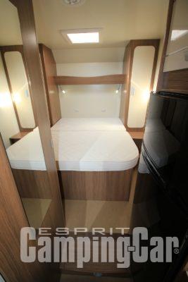 A l’arrière, en passant les quelques marches, vous trouvez un lit central (135×188) posé sur un sommier à lattes. Le retour discret du constructeur risque bien d’attirer du monde.
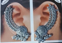 Add a bold ethnic touch to your look with these beautifully crafted oxidised silver earrings. Designed in an elegant leaf-inspired curved pattern, these earrings feature intricate detailing and a floral round centerpiece with small hanging beads for a graceful finish.
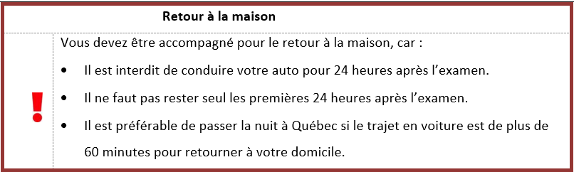 - Une collation (non fournie par l’hôpital, vous devez manger avant d’avoir congé).
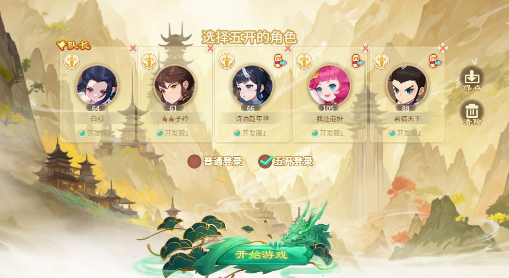 先准备建五个账号,再登录界面选择“五开登录”即可实现,就算找不到队友也能组队打怪

- **Problem to work on**:
Restate word for word, please, the line containing "Add a bold ethnic" and all lines after it through the end of the material; the pictures do not belong in the copy.

- **Answer to the exercise**:
 Add a bold ethnic touch to your look with these beautifully crafted oxidised silver earrings. Designed in an elegant leaf-inspired curved pattern, these earrings feature intricate detailing and a floral round centerpiece with small hanging beads for a graceful finish.
 - Une collation (non fournie par l’hôpital, vous devez manger avant d’avoir congé).
 先准备建五个账号,再登录界面选择“五开登录”即可实现,就算找不到队友也能组队打怪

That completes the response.